TRATAMIENTO Las infecciones virales más frecuentes (respiratorias y diarreas) son en general de buen pronóstico, con excepción de SARS y del síndrome cardiopulmonar por hantavirus. La mortalidad de las fiebres hemorrágicas puede superar el 50%. Las infecciones con compromiso del SNC tienen una alta probabilidad de dejar secuelas. No existe tratamiento específico para las infecciones virales discutidas, a excepción del virus de influenza A y B, VIH y Lassa. En la mayoría, las medidas de soporte y manejo en unidades de cuidado intensivo en los casos graves son la única forma de terapia.
PREVENCIÓN La consulta antes de viajar es esencial para determinar los riesgos relacionados a cada viaje y de esta forma conocer las medidas de prevención. La prevención de enfermedades virales asociadas a viajes consiste en medidas generales como el consumo seguro de alimentos (cocidos, calientes, leche pasteurizada) y agua potable (embotellada o hervida).
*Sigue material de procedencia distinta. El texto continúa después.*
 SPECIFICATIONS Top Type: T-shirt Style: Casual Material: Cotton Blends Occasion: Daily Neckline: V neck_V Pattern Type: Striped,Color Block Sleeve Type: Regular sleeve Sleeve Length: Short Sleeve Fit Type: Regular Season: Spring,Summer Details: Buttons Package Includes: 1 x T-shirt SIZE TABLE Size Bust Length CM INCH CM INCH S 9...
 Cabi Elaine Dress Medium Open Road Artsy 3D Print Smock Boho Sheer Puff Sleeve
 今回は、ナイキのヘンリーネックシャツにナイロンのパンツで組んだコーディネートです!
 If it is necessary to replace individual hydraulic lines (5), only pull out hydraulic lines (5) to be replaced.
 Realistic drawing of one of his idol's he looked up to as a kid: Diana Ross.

Para infecciones por arbovirus se recomienda el uso de repelentes que contengan DEET o picaridina, que disminuyen el riesgo de trasmisión , ya que la mayoría de ellas no son prevenibles por vacunas . Las enfermedades de transmisión sexual pueden prevenirse mediante conductas adecuadas y uso de condón. Algunas de las infecciones virales que pueden afectar a viajeros son inmunoprevenibles. Es el caso de las hepatitis A y B, del sarampión, la rubéola, la poliomielitis, la fiebre amarilla, la encefalitis japonesa, la rabia y la encefalitis trasmitida por garrapatas.
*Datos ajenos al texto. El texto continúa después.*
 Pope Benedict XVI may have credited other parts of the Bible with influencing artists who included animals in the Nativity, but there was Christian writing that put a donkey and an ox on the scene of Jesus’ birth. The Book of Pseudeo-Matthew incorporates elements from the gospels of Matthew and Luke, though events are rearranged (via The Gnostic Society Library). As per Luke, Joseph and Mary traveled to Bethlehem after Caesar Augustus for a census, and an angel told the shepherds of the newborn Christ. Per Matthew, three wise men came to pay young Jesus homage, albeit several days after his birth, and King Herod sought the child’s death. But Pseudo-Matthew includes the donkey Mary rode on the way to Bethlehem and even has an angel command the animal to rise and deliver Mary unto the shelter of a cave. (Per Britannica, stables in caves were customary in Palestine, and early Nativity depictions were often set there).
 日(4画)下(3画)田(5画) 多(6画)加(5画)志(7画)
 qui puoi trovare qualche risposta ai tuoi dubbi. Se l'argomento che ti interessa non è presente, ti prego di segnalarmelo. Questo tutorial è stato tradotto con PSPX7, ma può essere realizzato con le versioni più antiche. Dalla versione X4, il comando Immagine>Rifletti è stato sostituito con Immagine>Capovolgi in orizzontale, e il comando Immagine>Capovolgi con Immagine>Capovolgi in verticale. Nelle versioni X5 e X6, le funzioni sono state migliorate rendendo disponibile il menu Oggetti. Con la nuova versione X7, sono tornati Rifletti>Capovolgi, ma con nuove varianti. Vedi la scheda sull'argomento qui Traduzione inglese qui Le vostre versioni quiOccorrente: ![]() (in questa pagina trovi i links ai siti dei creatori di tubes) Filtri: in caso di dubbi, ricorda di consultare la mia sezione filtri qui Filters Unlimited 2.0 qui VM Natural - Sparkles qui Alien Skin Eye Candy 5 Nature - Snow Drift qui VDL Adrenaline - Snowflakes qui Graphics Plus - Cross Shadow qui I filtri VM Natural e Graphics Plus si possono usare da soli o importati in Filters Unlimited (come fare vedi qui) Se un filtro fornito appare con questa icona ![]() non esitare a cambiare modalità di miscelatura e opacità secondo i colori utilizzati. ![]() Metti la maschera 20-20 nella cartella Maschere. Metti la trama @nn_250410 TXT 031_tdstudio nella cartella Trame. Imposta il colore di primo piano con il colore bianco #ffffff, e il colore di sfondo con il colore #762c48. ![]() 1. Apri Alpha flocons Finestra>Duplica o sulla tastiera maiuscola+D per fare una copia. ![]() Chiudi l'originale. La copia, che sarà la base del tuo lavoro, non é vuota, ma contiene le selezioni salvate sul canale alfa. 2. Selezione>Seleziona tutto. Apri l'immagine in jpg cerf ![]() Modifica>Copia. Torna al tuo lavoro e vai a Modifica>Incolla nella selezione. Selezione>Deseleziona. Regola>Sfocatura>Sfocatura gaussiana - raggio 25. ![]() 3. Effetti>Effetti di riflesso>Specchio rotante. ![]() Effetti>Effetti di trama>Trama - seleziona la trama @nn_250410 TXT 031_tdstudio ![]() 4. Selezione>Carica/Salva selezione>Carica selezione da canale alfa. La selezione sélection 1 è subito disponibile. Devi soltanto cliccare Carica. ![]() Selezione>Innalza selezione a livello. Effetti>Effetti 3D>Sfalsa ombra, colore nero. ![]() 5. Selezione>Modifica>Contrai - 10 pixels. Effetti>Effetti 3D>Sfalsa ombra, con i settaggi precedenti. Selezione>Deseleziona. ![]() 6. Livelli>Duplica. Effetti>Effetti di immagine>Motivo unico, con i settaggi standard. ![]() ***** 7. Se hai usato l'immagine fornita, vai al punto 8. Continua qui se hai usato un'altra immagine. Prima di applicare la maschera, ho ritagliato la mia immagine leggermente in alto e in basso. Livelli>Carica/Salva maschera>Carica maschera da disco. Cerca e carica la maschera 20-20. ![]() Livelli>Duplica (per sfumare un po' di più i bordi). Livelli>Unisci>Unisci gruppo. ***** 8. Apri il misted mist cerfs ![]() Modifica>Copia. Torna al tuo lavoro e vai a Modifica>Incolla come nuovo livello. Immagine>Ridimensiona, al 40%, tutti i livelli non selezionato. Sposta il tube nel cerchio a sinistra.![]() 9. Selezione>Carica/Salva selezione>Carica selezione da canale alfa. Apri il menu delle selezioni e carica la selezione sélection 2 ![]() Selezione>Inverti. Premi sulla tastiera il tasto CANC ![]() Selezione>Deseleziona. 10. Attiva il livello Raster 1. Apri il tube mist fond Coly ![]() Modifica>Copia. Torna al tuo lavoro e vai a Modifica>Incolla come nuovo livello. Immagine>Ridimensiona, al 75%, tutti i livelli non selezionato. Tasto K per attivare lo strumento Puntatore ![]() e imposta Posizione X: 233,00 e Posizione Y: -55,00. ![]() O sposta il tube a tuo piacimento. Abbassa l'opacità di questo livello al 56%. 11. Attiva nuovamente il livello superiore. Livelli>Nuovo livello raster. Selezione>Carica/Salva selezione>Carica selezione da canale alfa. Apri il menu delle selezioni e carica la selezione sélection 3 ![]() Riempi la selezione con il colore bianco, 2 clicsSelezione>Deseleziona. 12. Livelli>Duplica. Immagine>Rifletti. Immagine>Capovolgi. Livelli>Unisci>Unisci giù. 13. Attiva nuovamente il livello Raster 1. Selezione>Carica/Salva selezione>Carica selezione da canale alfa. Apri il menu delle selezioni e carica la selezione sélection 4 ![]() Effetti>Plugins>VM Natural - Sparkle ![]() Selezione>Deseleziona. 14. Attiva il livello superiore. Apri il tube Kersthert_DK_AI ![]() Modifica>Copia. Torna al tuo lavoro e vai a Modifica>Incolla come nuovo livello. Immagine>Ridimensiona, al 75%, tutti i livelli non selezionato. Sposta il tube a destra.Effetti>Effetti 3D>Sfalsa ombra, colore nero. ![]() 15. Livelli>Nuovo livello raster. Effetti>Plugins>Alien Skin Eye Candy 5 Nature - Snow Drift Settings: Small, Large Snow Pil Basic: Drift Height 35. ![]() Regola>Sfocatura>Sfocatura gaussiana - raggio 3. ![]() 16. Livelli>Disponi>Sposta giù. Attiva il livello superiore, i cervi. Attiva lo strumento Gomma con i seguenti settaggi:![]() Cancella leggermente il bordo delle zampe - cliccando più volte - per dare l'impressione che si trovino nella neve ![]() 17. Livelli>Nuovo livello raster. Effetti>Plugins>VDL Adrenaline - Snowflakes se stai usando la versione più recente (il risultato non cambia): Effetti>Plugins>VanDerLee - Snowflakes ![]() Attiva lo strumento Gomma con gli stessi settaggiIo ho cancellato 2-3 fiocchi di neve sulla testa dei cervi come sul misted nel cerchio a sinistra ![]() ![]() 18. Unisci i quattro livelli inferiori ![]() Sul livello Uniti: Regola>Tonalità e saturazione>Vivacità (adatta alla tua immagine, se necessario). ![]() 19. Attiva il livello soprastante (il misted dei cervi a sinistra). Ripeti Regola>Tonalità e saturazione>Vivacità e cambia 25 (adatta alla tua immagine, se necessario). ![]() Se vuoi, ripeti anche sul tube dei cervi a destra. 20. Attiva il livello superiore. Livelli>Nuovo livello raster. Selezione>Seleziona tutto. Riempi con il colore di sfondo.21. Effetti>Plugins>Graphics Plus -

HECHOS DESTACADOS • La globalización, los cambios climáticos, la mayor velocidad de desplazamiento y la más amplia distribución de vectores en el mundo son factores relevantes en la trasmisión y diseminación de agentes virales. • Antes de viajar deben conocerse las infecciones prevalentes de cada localidad y tomar las medidas preventivas adecuadas (vacunas, conductas, alimentos , repelentes , etcétera). • Las redes cibernéticas (Ej .: GeoSentinel) de vigilancia de enfermedades infecciosas asociadas a viajes representan una fuente de información dinámica y actualizada de gran beneficio para dar las recomendaciones más oportunas a los viajeros.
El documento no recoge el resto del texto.